I have been provoked by the hon. Member for Derby North briefly to set the record straight. This country has had a scourge of tax avoidance for too long. As Members on both sides of the House know, I have long campaigned for positive reform. However, in response to the hon. Gentleman’s speech—it was a shame that it missed the opportunity to build consensus in this Committee—I note that, in the Labour years, corporation tax receipts rose by about 6% in real terms, whereas income tax receipts nearly doubled. That was a great shame, and those figures show that the system was too lax. The steps that this Government have taken to tackle the problem of transfer pricing and profit shifting are to be welcomed. The Chancellor’s move to engage with the OECD to start international discussions about how we can change the international rules to deal with an international problem is especially welcome.
I thank the hon. Gentleman for his helpful intervention, but I will not, because I want action, not words. We have had too many words, especially from the hon. Gentleman, and I welcome the fact that we have action from this Government.
Finally, I note that the Government have reduced the amount of income tax paid by hard-working people and their families, increased the personal allowance and helped people into work, having creating more jobs than for a very long time. The Government’s efforts, especially for the least well-off, are worthy of high praise as we go further into recovery.

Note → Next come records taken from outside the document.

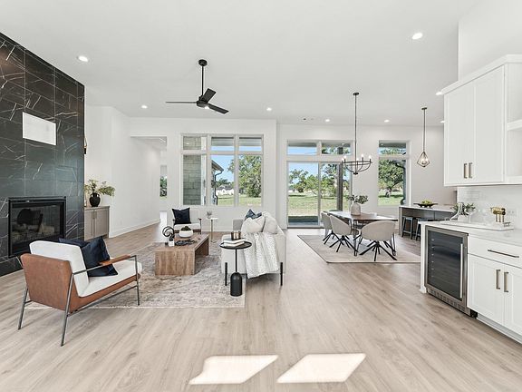 Designed for sophisticated entertaining and comfortable daily living, this newly built 3,746 sq. ft. residence in the exclusive gated Siena Creek community is a showcase of modern luxury. Situated on a generous 0.73-acre lot this 5-bedroom single-story home offers a peaceful setting and an intelligent layout. From the moment you arrive, you’ll appreciate the striking exterior with its stone siding. As you step inside, you will be greeted by high vaulted ceilings and wide windows that flood the space with abundant natural light. You will find the heart of the home is the expansive great room, centered around a premium fireplace. Picture yourself entertaining as this space flows directly into a gourmet kitchen, featuring sleek quartz countertops, a large center island with a breakfast bar, and high-end stainless steel appliances, including a wine cooler. This impressive space is completed by a casual dining area and notable chandeliers. explore the spacious primary suite, a private retreat featuring a luxurious primary bathroom with a freestanding garden tub, a large tiled walk-in shower, double vanities, and a walk-in closet. You’ll also find the home's split floor plan includes four additional well-proportioned bedrooms, one of which includes a private ensuite bathroom, ideal for a guest suite. A significant highlight is the spacious bonus room—we invite you to imagine the possibilities as a game room, media room, or a private second living space. Step outside to the covered back porch and discover its outdoor stone fireplace and ceiling fan, creating the ideal setting for quiet mornings or evening gatherings. Living here provides a relaxed Hill Country lifestyle, complete with access to a private community pool. This is more than a home; it’s an opportunity to join a premier community, just minutes from Lake LBJ, golf, and scenic trails, with membership options at The Club at Horseshoe Bay.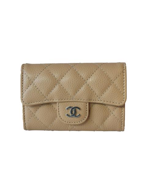 Chanel CC Quilted Caviar Flap Card Holder Wallet Beige Silver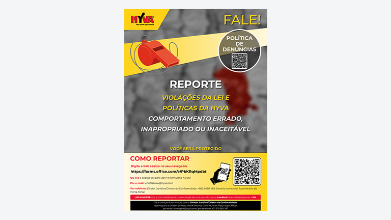Para denunciar violaçõeas da Lei e das Políticas da Hyva, irregularidades, comportamentos inadequados ou inaceitáveis, utilize este formulário ou envie-nos um e-mail para whistleblow@hyva.com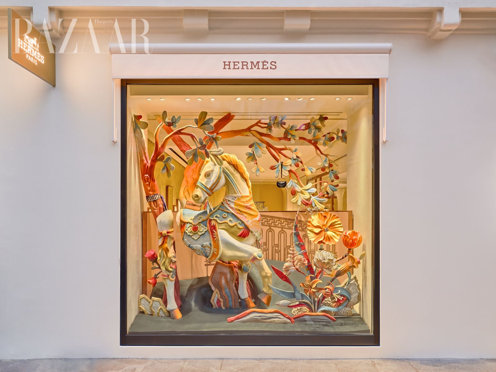 Hermès 24 Tràng Tiền không đơn thuần là một cửa hàng thời trang, mà trở thành một không gian giao thoa tinh tế giữa nghệ thuật, văn hóa và cảm xúc. Tại đây, mỗi ô cửa sổ như một cánh cổng mở ra thế giới tưởng tượng, nơi truyền thống và hiện đại cùng song hành, nơi những câu chuyện dân gian được kể lại bằng ngôn ngữ đương đại đầy sáng tạo.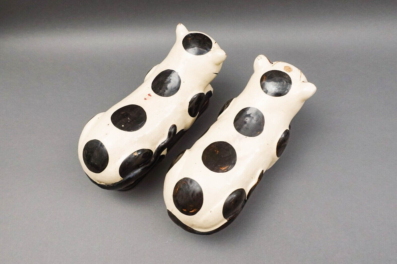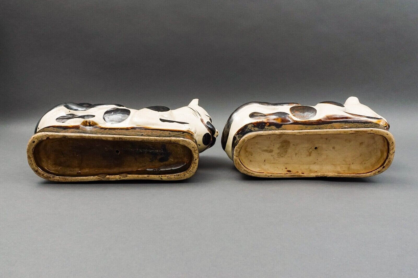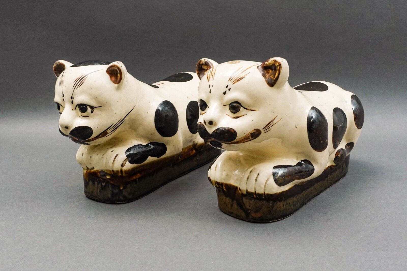 Antique Chinese Large Hand Painted Cat Cizhou Stoneware Pillow Headrest Pair. Chinese export wax seal on one.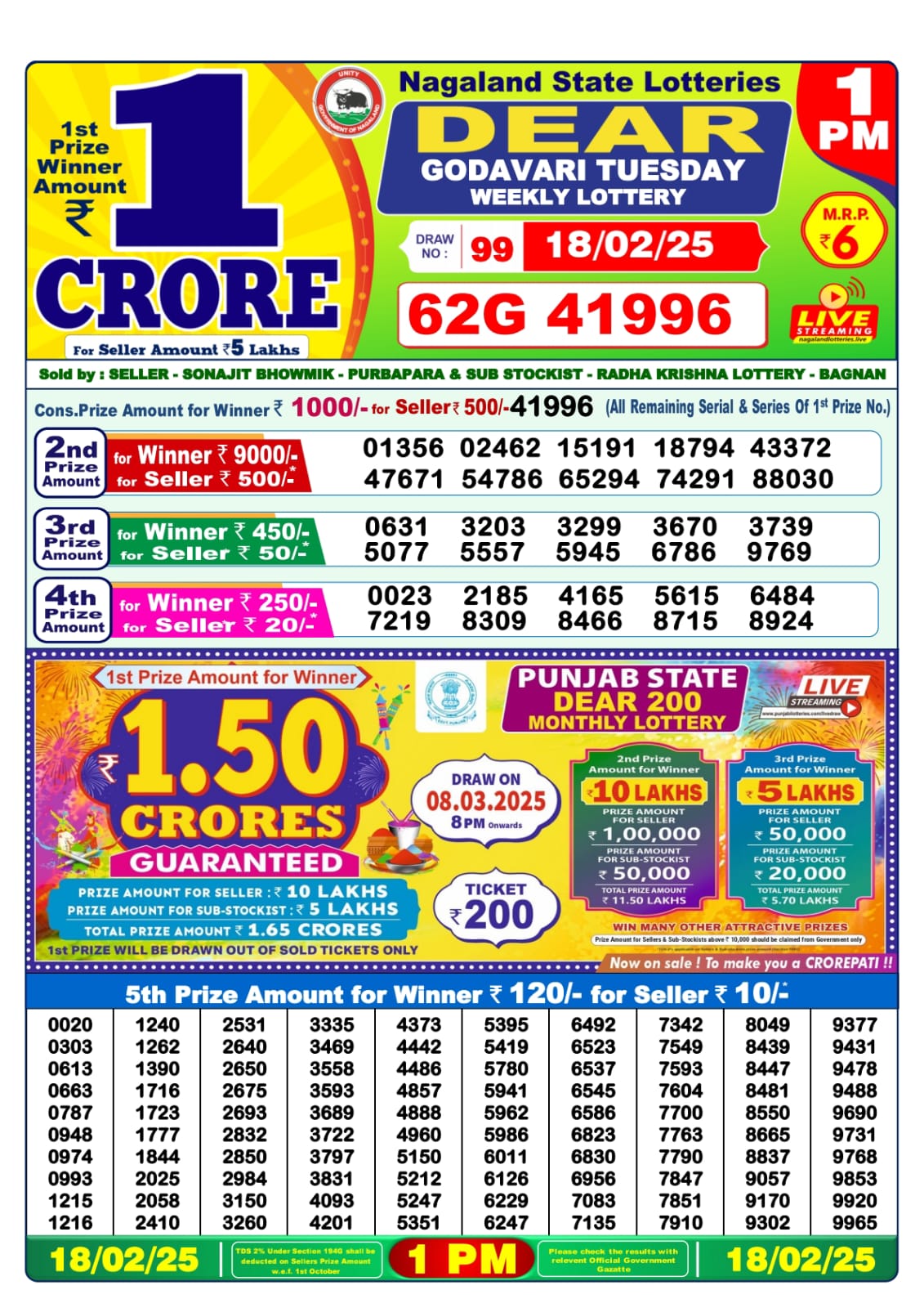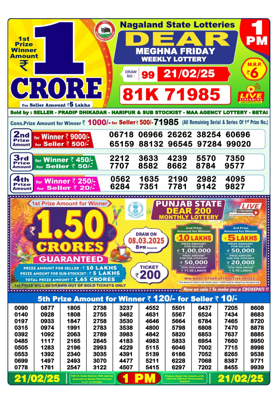 Dear lottery result today 1pm 10.2.25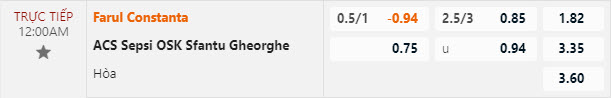 Tỷ lệ kèo Farul vs Sepsi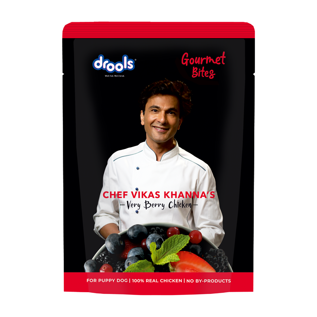Your puppy will love every chunk of the Drools Gourmet Bites Puppy Gravy thoughtfully crafted by Chef Vikas Khanna. This farm fresh recipe starts with Real Chicken mixed with a healthy blend of superfoods such as cranberries, blueberries, raspberries and strawberries that are loaded with the goodness of antioxidants to make your puppy thrive. This gravy can be mixed with dry kibble to add variety or served on its own. Formulated with Omega 3 & 6 fatty acids this recipe supports brain, eye and cognitive development, and enhances a shiny, healthy coat.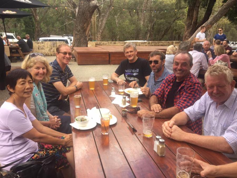 Mini reunion Western Australia November 2017 – 1 Left to right: Jo Yip, Lucy (Graham’s partner), Graham Smith (Floppy), William Tremlett, Andy Sutcliffe, Steve Wood, Charlie Mackintosh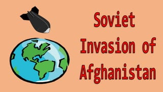 The Soviet Union invaded Afghanistan in 1979 to prop up the communist government that came to power after a 1978 revolution. However, many Afghans opposed communist rule and fought back as mujahedeen rebels in a civil war. The Soviet invasion was intended to ensure communist control and give the Soviets access to oil, but they faced guerrilla warfare tactics from the mujahedeen. After 10 years of fighting, the costly and unwinnable war became a disaster for the Soviets similar to the US in Vietnam, and Soviet troops withdrew in 1989.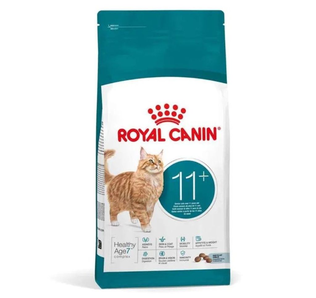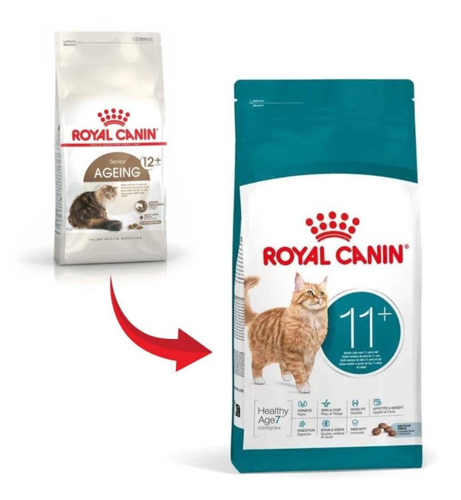 Royal Canin Ageing +11 är en kattmat som är speciellt utvecklad för att din katt ska kunna hålla sig hälsosam när den åldras. Royal Canin Ageing +11 bidrar till bevarad vitalitet och rörlighet genom sitt patenterade antioxidantkomplex samt tillsats av bland annat glukosamin. Kattmatens foderbit stimulerar den äldre kattens aptit tack vare sin knapriga utsida och en mjuk lättuggad kärna. Royal Canin Ageing +11 kattmat hjälper din katt att bibehålla sin vackra päls genom sin optimala balans mellan omega 3 och omega 6, och kattmaten skyddar dessutom den äldre kattens njurar genom ett balanserat innehåll av fosfor.
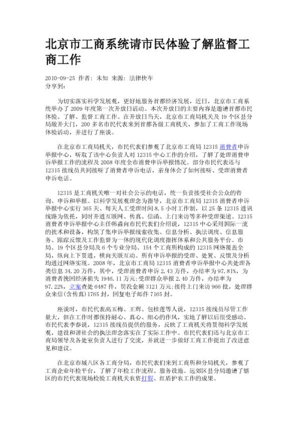 北京市工商系統(tǒng)請市民體驗了解監(jiān)督工商工作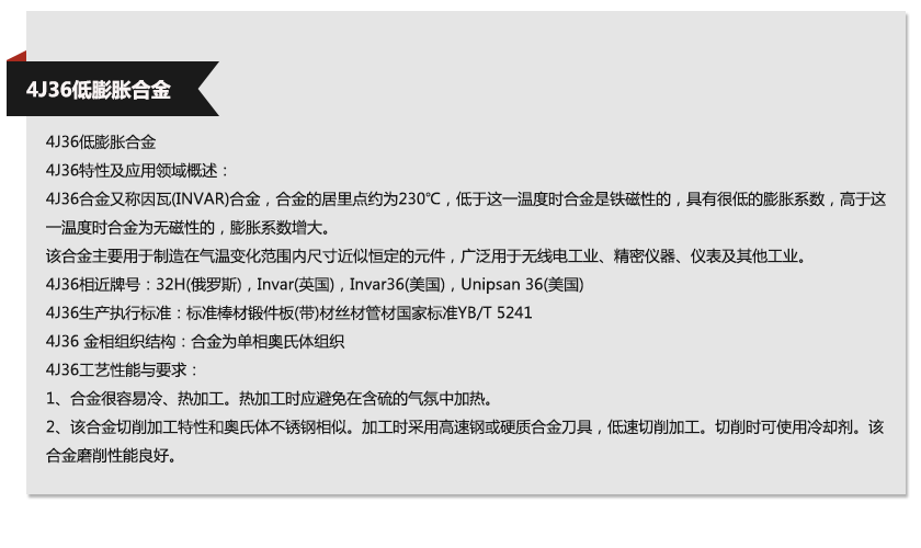 4J36板材可分別稱為4J36不銹鋼板、4J36鋼板、4J36卷板、4J36開平板、4J36帶鋼、4J36冷軋板、4J36熱軋板、4J36薄板、4J36中板、4J36厚板、4J36特厚板等。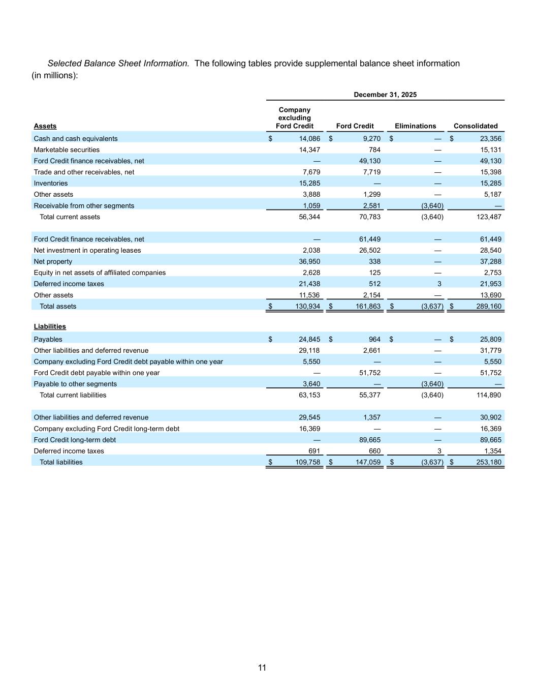 11 Selected Balance Sheet Information. The following tables provide supplemental balance sheet information (in millions): December 31, 2025 Assets Company excluding Ford Credit Ford Credit Eliminations Consolidated Cash and cash equivalents $ 14,086 $ 9,270 $ — $ 23,356 Marketable securities 14,347 784 — 15,131 Ford Credit finance receivables, net — 49,130 — 49,130 Trade and other receivables, net 7,679 7,719 — 15,398 Inventories 15,285 — — 15,285 Other assets 3,888 1,299 — 5,187 Receivable from other segments 1,059 2,581 (3,640) — Total current assets 56,344 70,783 (3,640) 123,487 Ford Credit finance receivables, net — 61,449 — 61,449 Net investment in operating leases 2,038 26,502 — 28,540 Net property 36,950 338 — 37,288 Equity in net assets of affiliated companies 2,628 125 — 2,753 Deferred income taxes 21,438 512 3 21,953 Other assets 11,536 2,154 — 13,690 Total assets $ 130,934 $ 161,863 $ (3,637) $ 289,160 Liabilities Payables $ 24,845 $ 964 $ — $ 25,809 Other liabilities and deferred revenue 29,118 2,661 — 31,779 Company excluding Ford Credit debt payable within one year 5,550 — — 5,550 Ford Credit debt payable within one year — 51,752 — 51,752 Payable to other segments 3,640 — (3,640) — Total current liabilities 63,153 55,377 (3,640) 114,890 Other liabilities and deferred revenue 29,545 1,357 — 30,902 Company excluding Ford Credit long-term debt 16,369 — — 16,369 Ford Credit long-term debt — 89,665 — 89,665 Deferred income taxes 691 660 3 1,354 Total liabilities $ 109,758 $ 147,059 $ (3,637) $ 253,180
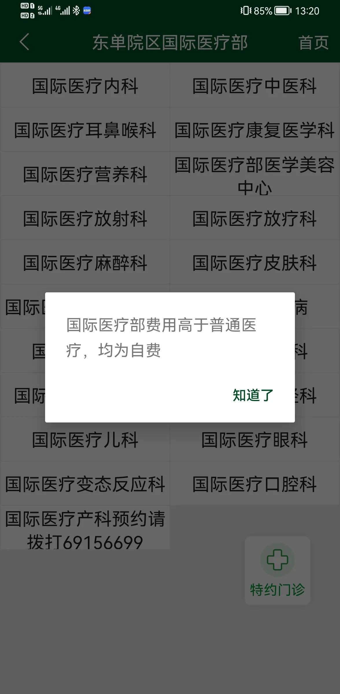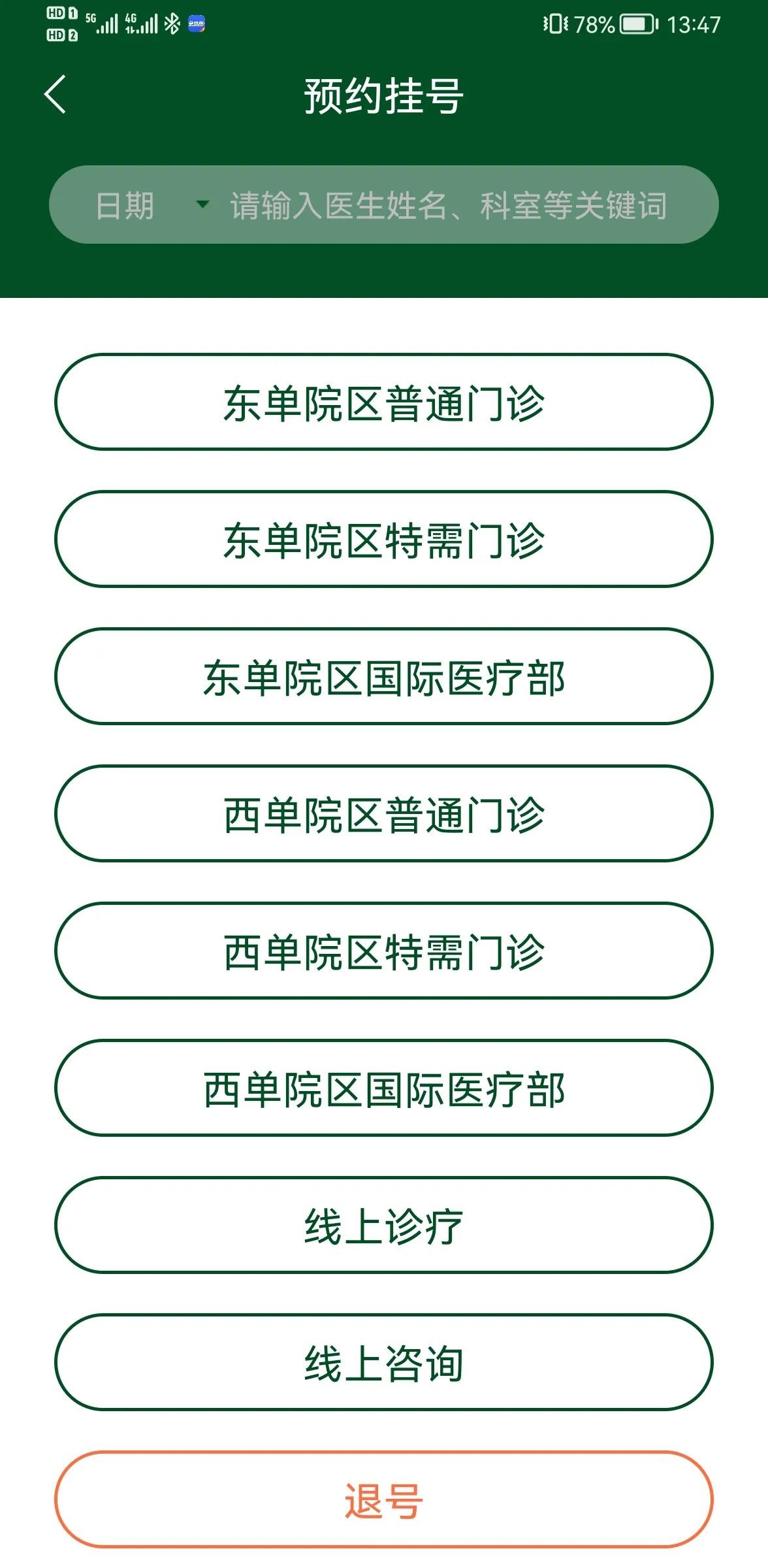 点击预约挂号,选择院区,注意普通门诊和特需及国际医疗收费是不同的。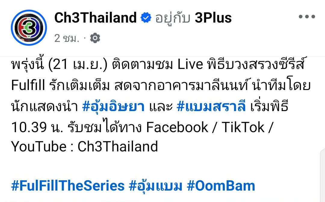 🗓️ พรุ่งนี้ (21 เม.ย.) 📌 ติดตามชม 🔴 Live พิธีบวงสรวงซีรีส์ Fulfill รักเติมเต็ม สดจากอาคารมาลีนนท์

Will the Minister let us know, in the light of HMRC’s estimates, how many companies are established with the sole purpose of being a subsidiary to a greater corporate entity to take advantage of tax avoidance schemes that relate to the clause? Does HMRC have a good estimate of how many subsidiary companies are established solely for that purpose?
To respond to the hon. Member for Derby North, I completely agree with my hon. Friend the Member for Dover that it is a shame to take an approach of throwing around accusations about progress on tax avoidance, because the past two years have seen a step change in the Department’s approach to tackling avoidance, following the introduction of a number of new tools, including the GAAR. Over 13 years, the hon. Gentleman’s Government failed to introduce such a measure. That is a new regime for high-risk promoters of avoidance schemes and for accelerated payments of disputed tax in avoidance cases. HMRC is relentless in tackling tax avoidance and there are strong signs that its approach is working. HMRC has successfully challenged avoidance across all sectors, including corporate avoidance, personal tax avoidance, and the avoidance of direct and indirect taxes.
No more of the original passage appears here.